Description

The ParquetFileReceiver writes Domain Attribute values in a Parquet file format. Parquet stores data in a flat columnar format and is more efficient in terms of storage and performance. 


In This Article


Receiver Parameters

The following parameters can be defined for the ParquetFileReceiver. Items with an asterisk (*) are required: 

  • *path - Defines the location to store the newly generated Parquet output file.
  • subDir - Defines the sub-directory under the path to store the newly generated Parquet output file.
  • *fileName - Defines the name of the Parquet output file.
  • *blockSize - The block size is the size of a row group being buffered in memory. This limits memory usage while writing into the file. Larger values will consume more memory when writing. The default size is 134217728 bytes.
  • *pageSize - The page size is for compression. A block is composed of pages. The page is the smallest unit that must be read fully to access a single record. If this value is too small, the compression will deteriorate. The default size is 1048576 bytes. 
  • *compressionCodecName - Defines the compression algorithm used to compress pages. The compression algorithms that GenRocket supports are UNCOMPRESSED, SNAPPY, and GZIP. 
  • enableValidation - Specifies whether schema validation should be turned on. The default value is "false."
  • *enableDictionary - Defines the Boolean value to enable/disable dictionary encoding. It should be either true or false.

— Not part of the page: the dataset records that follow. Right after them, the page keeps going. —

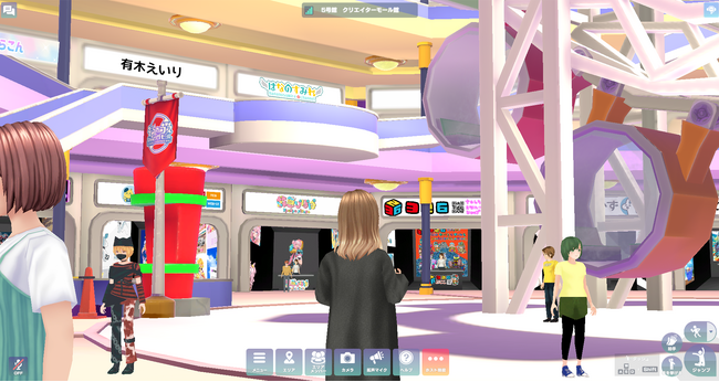 まだ地下フロアなど準備中の場所もありますが、館内の観覧車に乗ってモール内を見て回ることができ、バーチャル空間ならではのギミックが楽しめます
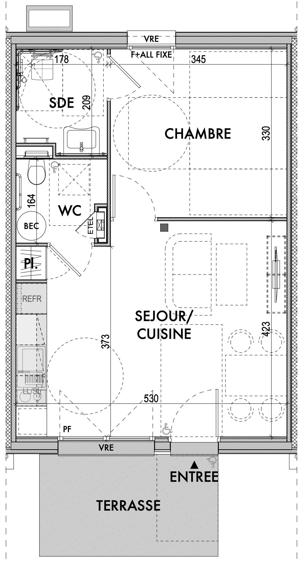 Cette Maison T2 est livrée équipée (sauf cuisine en option) : peintures, salle de bains, sols.
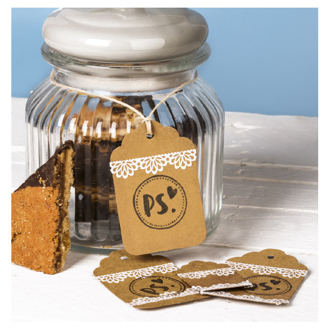 set od 30 komada: 10 privjesnica 3× 4,7 cm, 10 privjesnica 4× 6,2 cm i 10 privjesnica 4,4× 7 cm; 220 g papir; s vrpcom (duljina: 6 m, sirovinski sastav: 100 % poliester); idealno za: dekoriranje (poklona, kutija, staklenki..), izradu čestitki, pozivnica i raznih drugih rukotvorina; blister s bijelom vrpcom Pakiranje: 1/6
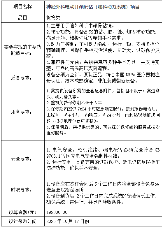 应医院需求,我院2025年10月份拟对神经外科电动开颅磨钻
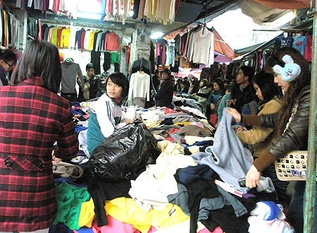 | Quần áo của chợ Ngã Tư Sở chủ yếu là hàng Trung Quốc, giá rẻ nhưng luôn được người bán hàng hét giá cao gấp 4 - 5 lần giá thị trường. |
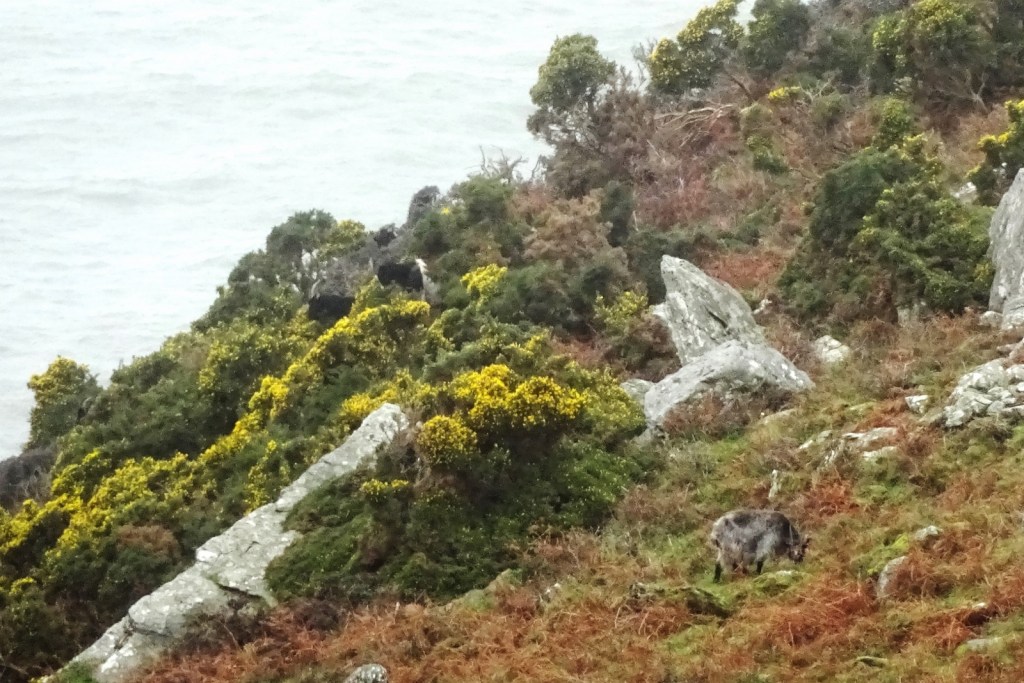 We decided that day to go for a couple of walks. The first of these was to the interestingly-named Valley of the Rocks, just a 40-minute walk from where we were staying. The place-name sounds like somewhere out of an Enid Blyton book to me [2], or maybe the title of some dodgy 70s adventure film, but even more exciting than that, and than the dramatic craggy scenery we found when we got there, was that the valley is home to a population of wild goats (those who know me in real life may know that I have a bit of a thing for goats!).
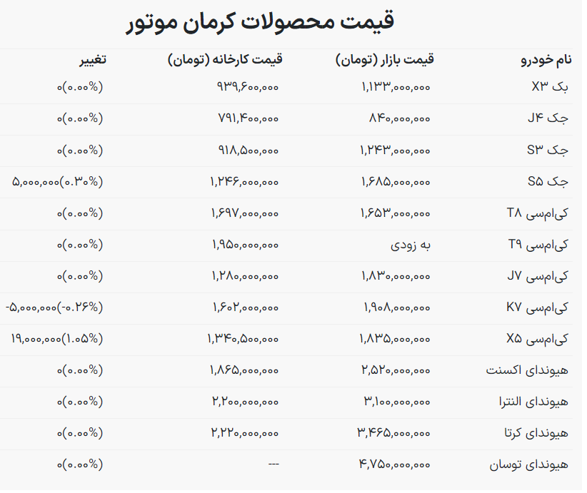 قیمت محصولات کرمان موتور در بازار و کارخانه
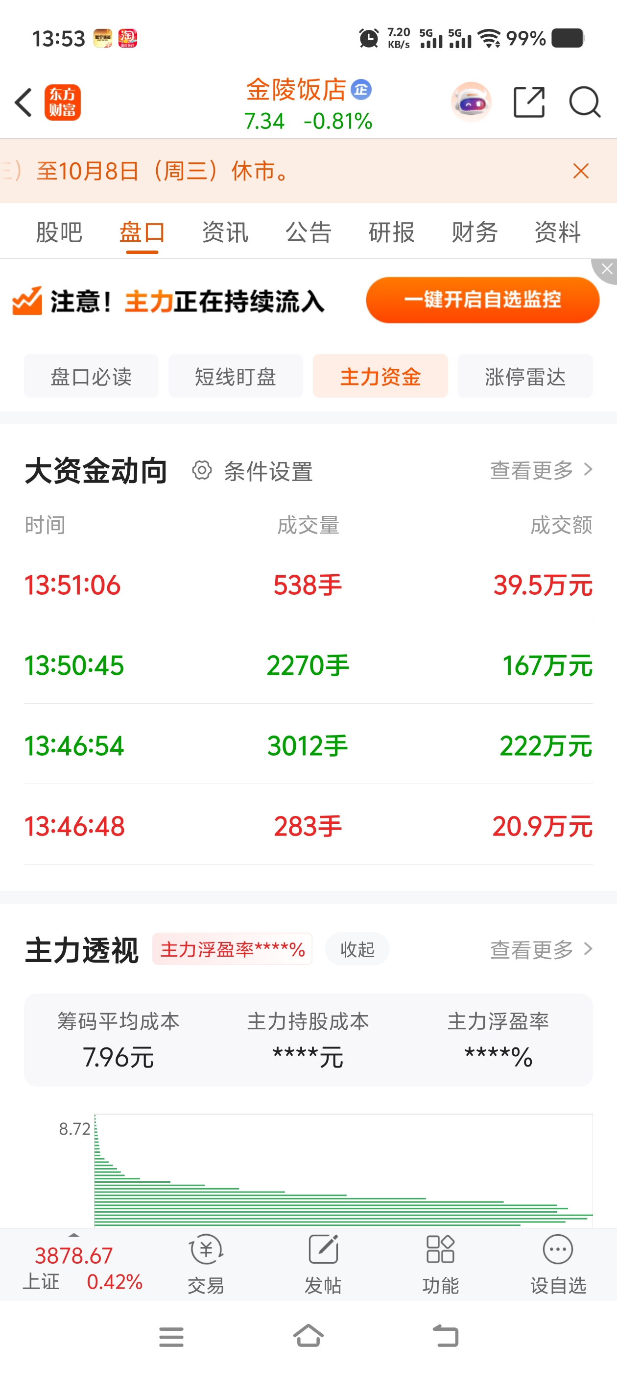 $金陵饭店(SH601007)$ 昨天进的400万,两次砸完了

Receiver Attribute Property Keys

The Receiver defines six property keys that can be modified on any of its associated Domain Attributes:

  • columnName - Defines the column name as it will be output into the Parquet file.
  • include - Determines if the Attribute will be included as a column in the output. Available options are "true" and "false."
  • columnType - Defines the column data type. Available options are string, null, boolean, int, long, float, double, and bytes.
  • logicalType - Defines the logical type for the data. Available options are date, timestamp, and decimal.
  • precision - Defines the precision for decimal numbers. Precision is the number of digits within the decimal value.
  • scale - Defines the scale for decimal numbers. Scale is the number of digits to the right of the decimal point within a decimal value.

Example of Setting Receiver Property Key Values

The example image below shows the property key view for the set of Attributes of a Domain using the ParquetFileReceiver.




File Config Tab

The File Config Tab is used to configure what event will trigger file creation and the naming configuration for generated files. 


Constant has been chosen as the event in the example below. A file will be created for every one-hundred records. Each created file will have the defined naming convention (e.g., Address1.parquet, Address2.parquet, Address3.parquet). The number will increment for each generated file. 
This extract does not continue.